Thereafter it went to guerrilla warfare, which led the British to eventually resort to internment (concentration) camps for Boer civilians to prevent them from supporting the fighters.
“It’s a new kind of war, George. A new war for a new century. I suppose this is the first time the enemy hasn’t been in uniform. They’re farmers. They come from small towns, and they shoot at from behind walls and from farmhouses. Some of them are women, some of them are children, and some of them... are missionaries, George.” - Breaker Morant
Breaker Morant was mistaken. Such wars had taken place many times before. Many of them colonial wars against “natives” who had no uniforms.
This article is so bogus!
“Young Afrikaners struggle with a brutal PAST?
No, it is a brutal present that they should be concerned with.:
http://ajkraad.wix.com/genocide-museum
What about the British summarily executing captured Boers simply because they lacked the means to evacuate prisoners to the camps?
I’ve read original magazines from 1902; there was tremendous outrage in the U.S. over British atrocities in South Africa AND American ones against Moros in the Philippines (e.g., pumping water down captured Moros’ throats). Anti-imperialism in the West had little to do with communism at the time.
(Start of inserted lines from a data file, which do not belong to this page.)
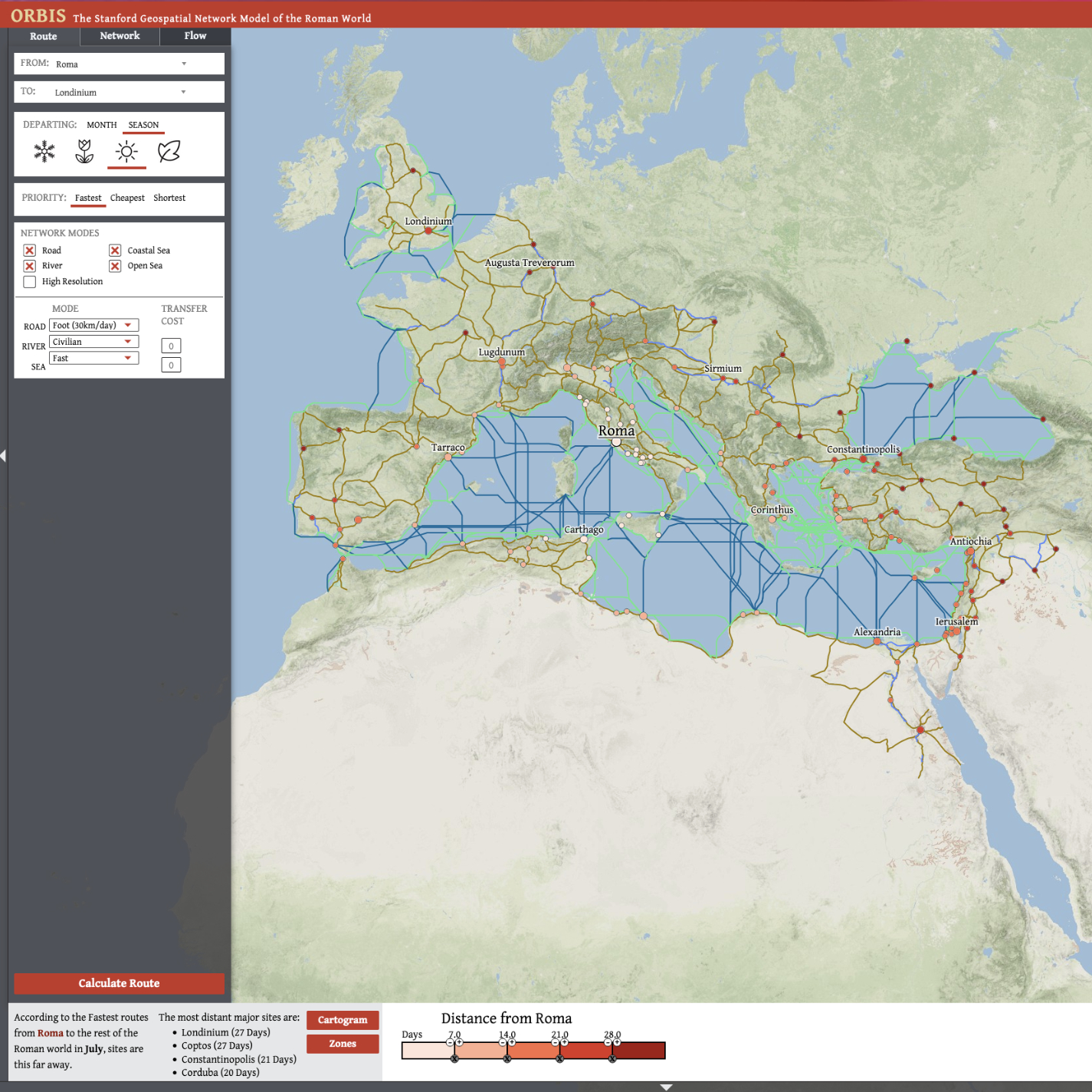 Orbis is The Stanford Geospatial Network Model of the Roman World, and it reconstructs the time cost and financial expense associated with a wide range of different types of travel in antiquity
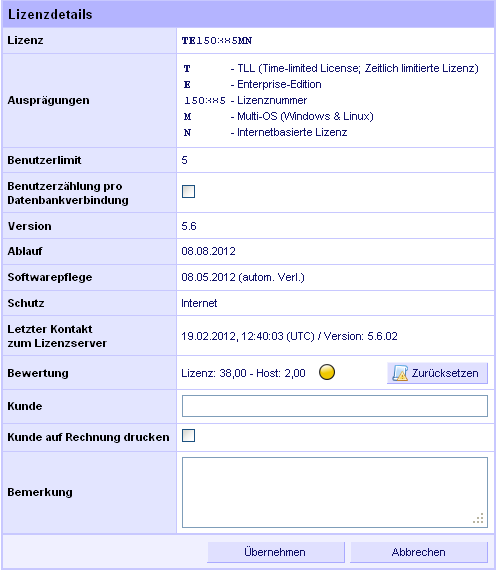 - KundeIn diesem Feld kann der Anwender, bei dem die Lizenz eingesetzt wird, hinterlegt werden
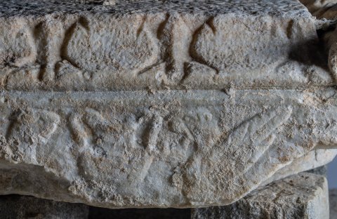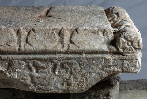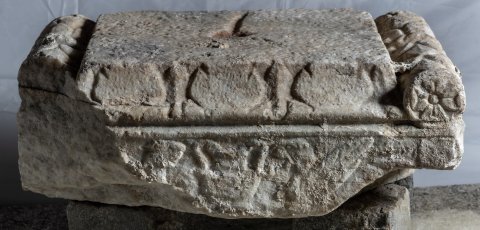 - Geschnürte pulvini mit Blattdekor, vorn Rosetten. Auf der Vorderseite Blattfries, darunter Krater zwischen geflügelten Seepanthern. Auf den Nebenseiten Meerwesen (Seegreife ?).
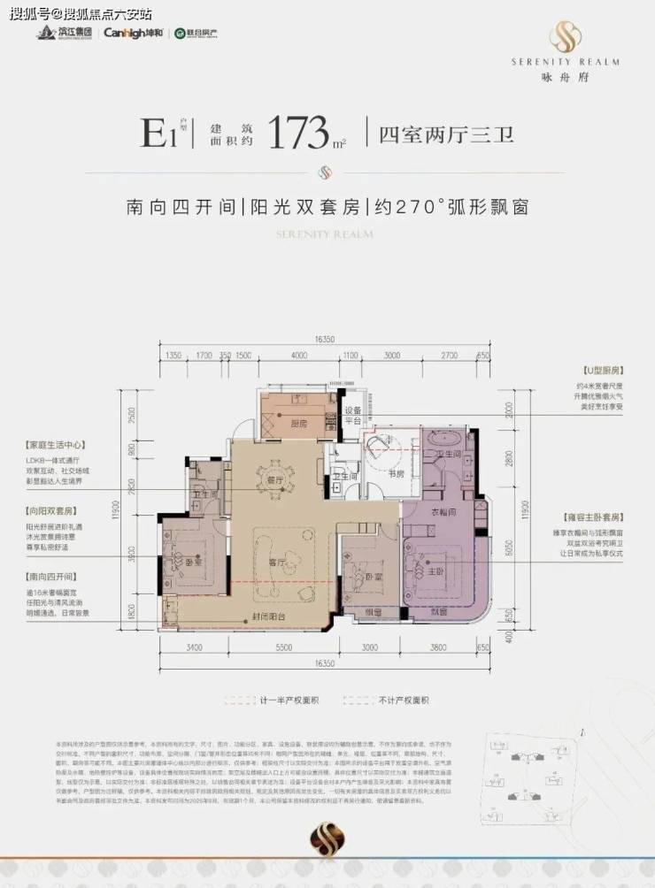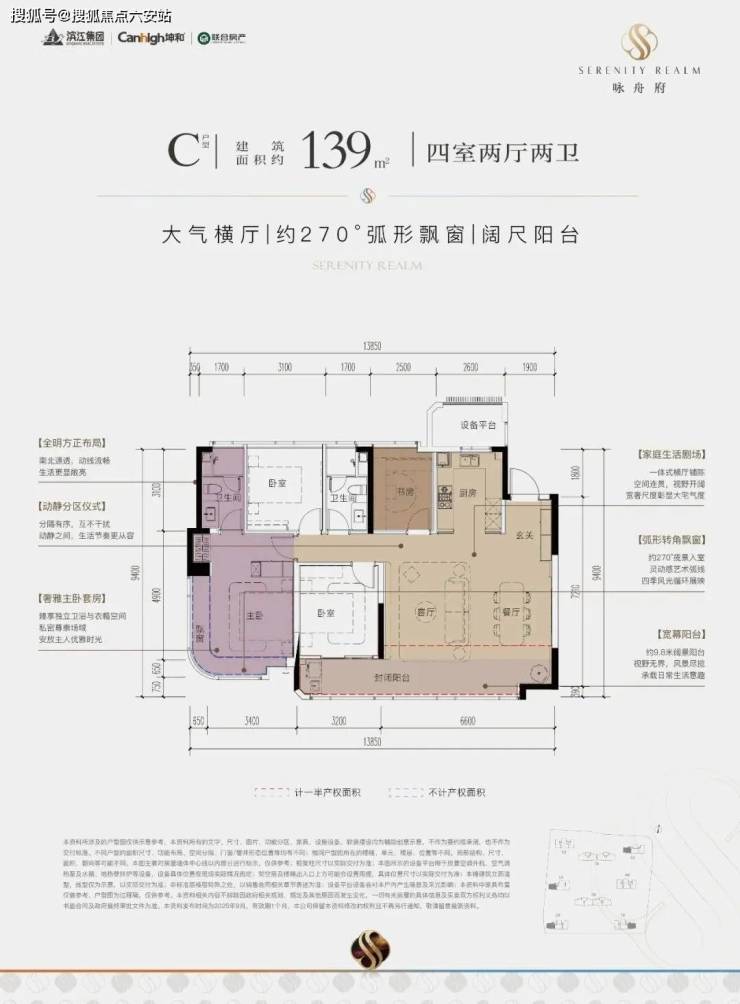 2. 户型革新:123-173㎡全四房设计,得房率88%-90%,139㎡横厅户型南向面宽13.85米,173㎡楼王配备星空露台与双套房。

It’s a fascinating period that is hardly discussed anymore.
That said, post-Mandela SA is going to quickly become an even more dangerous place for whites in general but for Afrikaans-speaking Boers in particular. Their past as perceived by the now empowered black majority will be used as a weapon against them. The old Xhosa vs Zulu rivalry will only fuel the general climate of violence.
Wonder what Jan Christiaan Smuts would say about the present reality in SA? BTW, when I was in grade school, Smuts was depicted as a Washington-like figure, interviewed by a young Winston Churchill & presenting his vision for SA.